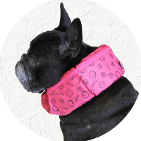 3サイズありますがフレブルは顔が大きいのでMサイズがお勧め。Sサイズはパピーや顔が小さく首が細い子用(ボステリなど)、Lサイズはイングリッシュブルドッグやフレブルで特に首が太い子用です。
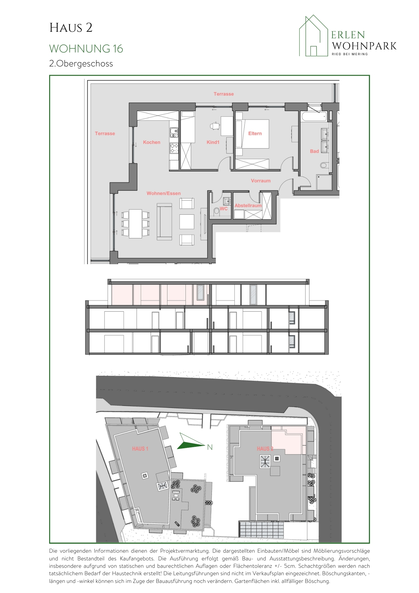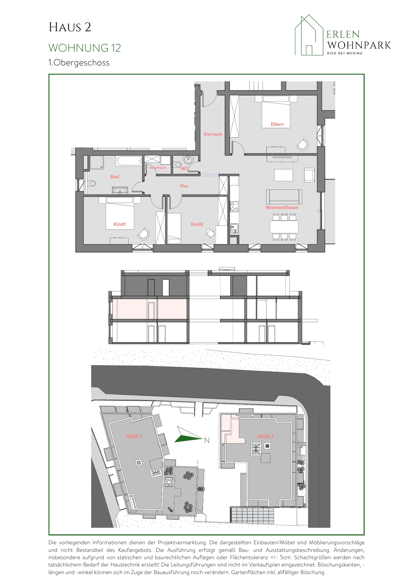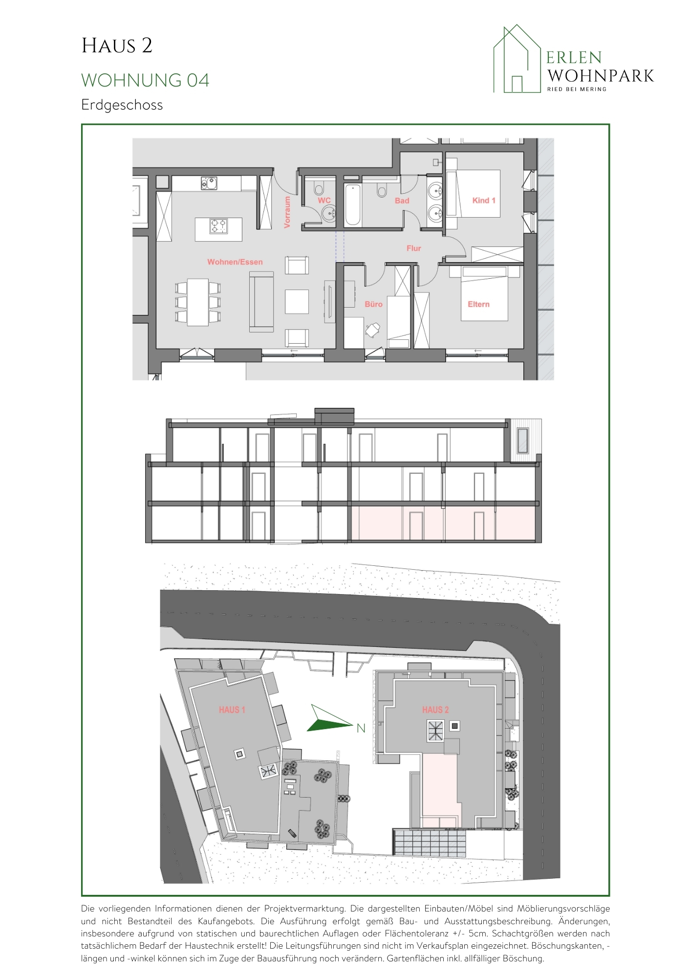 Entdecken Sie diese familienfreundliche Neubauwohnung die sich über 2 Ebenen erstreckt. Mit Wohnraum, Schlafzimmer, Kinderzimmer, Bad, Balkon und Terrasse – hier fühlen sich alle wohl.
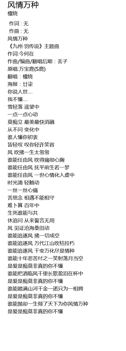 | [00:06.875] | fēng qíng wàn zhǒng |
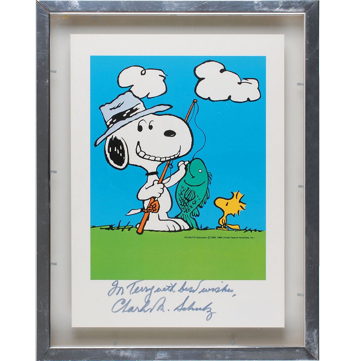 Color 10 x 14 print of Snoopy and Woodstock fishing, designed and printed exclusively for the Zebco fishing equipment company in 1980, signed and inscribed in the lower border in black felt tip, “For Terry, with best wishes, Charles M. Schulz.” Framed to an overall size of 13 x 17. In fine condition.

> [What this task involves] If a picture appears in the data, omit it; transcribe all the rest exactly.

> [Answer box]
 3サイズありますがフレブルは顔が大きいのでMサイズがお勧め。Sサイズはパピーや顔が小さく首が細い子用(ボステリなど)、Lサイズはイングリッシュブルドッグやフレブルで特に首が太い子用です。
 Entdecken Sie diese familienfreundliche Neubauwohnung die sich über 2 Ebenen erstreckt. Mit Wohnraum, Schlafzimmer, Kinderzimmer, Bad, Balkon und Terrasse – hier fühlen sich alle wohl.
 | [00:06.875] | fēng qíng wàn zhǒng |
 Color 10 x 14 print of Snoopy and Woodstock fishing, designed and printed exclusively for the Zebco fishing equipment company in 1980, signed and inscribed in the lower border in black felt tip, “For Terry, with best wishes, Charles M. Schulz.” Framed to an overall size of 13 x 17. In fine condition.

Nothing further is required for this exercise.